Second, given Israel’s inclusive reading and global applicability of the “terrorist infrastructure” lexicon, the very real possibility exists that other individuals and institutions, not Palestinian per se, will be exposed to Israel’s none too tender mercies. Looking at Israel’s targeting, either by state agencies or through proxies, of individuals such as Norman Finkelstein, Joel Kovel, Rachel Corrie and Tristan Anderson and institutions such as the al-Jazeera network and the International Solidarity Movement (ISM), it is no great leap to assume that individuals and institutions, whoever and wherever they may be, refusing to subscribe to and support Israel’s ideas and practices, are again increasingly likely objects of Israeli politicide. For those who might scoff at and easily dismiss this suggestion it is instructive to recall here that the offices of both Alex Odeh, the regional director of the American-Arab Anti-Discrimination League (ADC) and Edward Said were fire-bombed in 1985, and that no one has ever been convicted of either crime.

Now, it should not be taken from the preceding, as Israel certainly wants it to be, that Palestinians and the realization of their inalienable rights are a liability for or a threat to other and/or host societies. Palestinians and the realization of their rights are not the “problem.” Palestinians and the realization of their rights are not a threat to individual or international peace and security. On the contrary, it is the denial of Palestinians and the realization of the rights that threatens individual and international peace and security. As the agent of this denial, this negation, Israel is the threat.

This was, in fact, borne out by a 2003 European Commission poll which found Israel to be the single greatest threat to world peace. “In all Member States [of the European Union] (with the exception of Italy) the majority of citizens believe that Israel represents a threat to peace in the world.” As Tanya Reinhart notes citing the same poll: “Israel is considered a threat by 59 per cent of those polled.

The United States, Iran and North Korea, come only second on this list, each considered a threat by 53 per cent of the EU population.” Despite the best efforts of the collaborationist media, Europeans recognize that neither Iran or North Korea pose the threat to international security that Israel does. Since the poll, and presumably re-enforcing its findings, Iran and North Korea, much less the Palestinians, have not conducted two bombings (Syria in 2007 and Sudan repeatedly in 2009) and one assassination (the killing of Imad Mugniyah in Damascus in 2008) against or in another sovereign state in the past two years. Such an impressive record of belligerence is Israel’s alone.

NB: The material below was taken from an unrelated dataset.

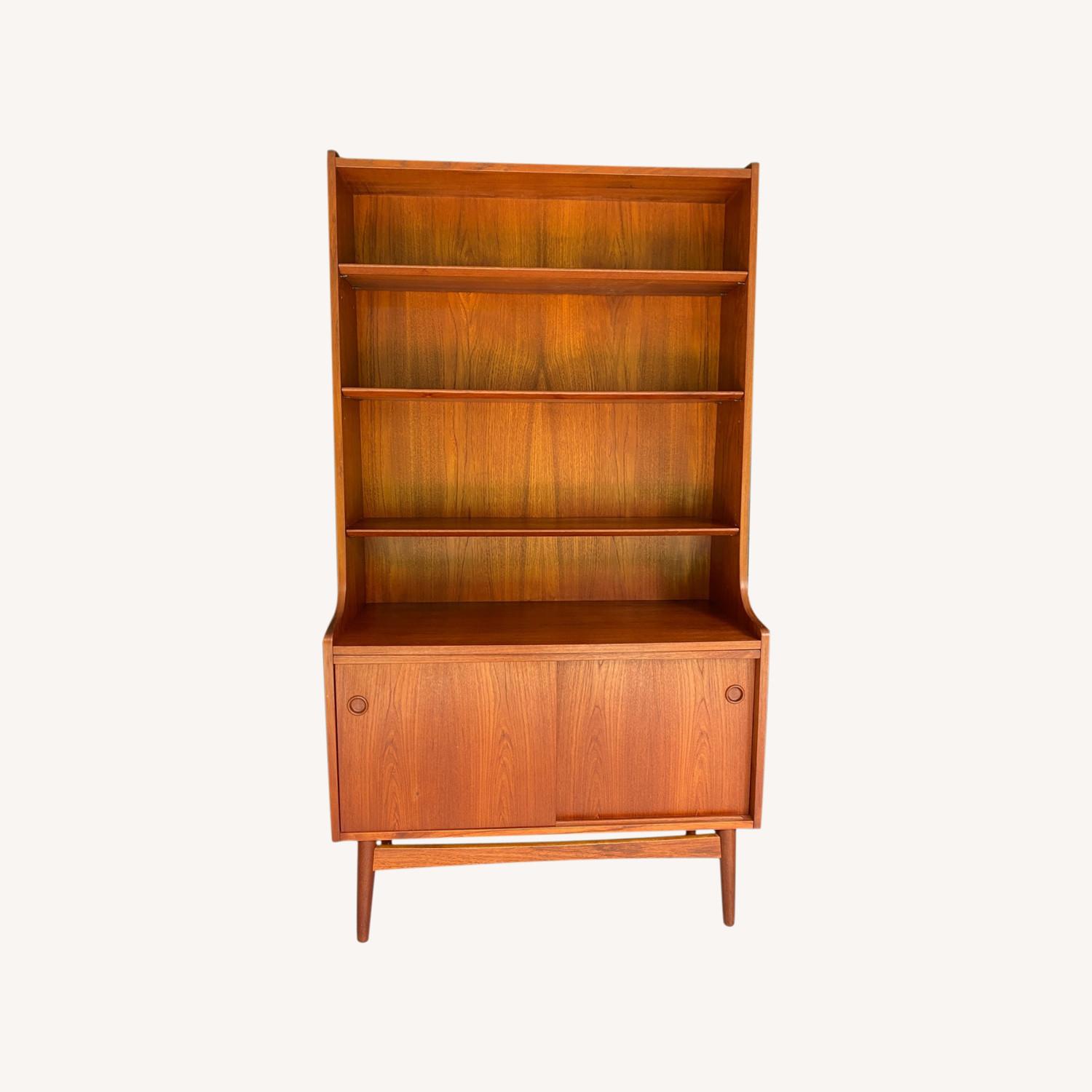 Seller's Notes:Perfect condition, Authentic vintage mid century Danish / Scandinavian Modern teak bookshelf | cabinet. No manufacture markings on the unit. No damage to veneer; really stellar condition. Measurements: 72" Height 39.5" Width 16.75 depth near base 17" at mid point on first ledge over cabinet. 10" shelf depth for the first shelf above cabinet. 9" for both shelves towards top of unit. Shelves are pegged for exact positioning inside the unit interior. Shelves inside the cabinet area at bottom are fixed.

The surest way to realize international peace and security, and combat “terrorism” for that matter, is to demand the realization of Palestinian rights, notably the right to national self-determination in the form of a viable state. Alternatively, the surest way to ensure that more people, in farther flung regions of the world, get killed in Israel’s realization of politicide is to let its recent renewal of the global nature of this process go unchecked. Encouraging this renewal, as the U.S. and Canada among others, have regrettably and reprehensibly done, augurs more victims of Israeli violence, even possibly, in something that can only be characterized as betrayal of state responsibility, their own citizens and members of their societies.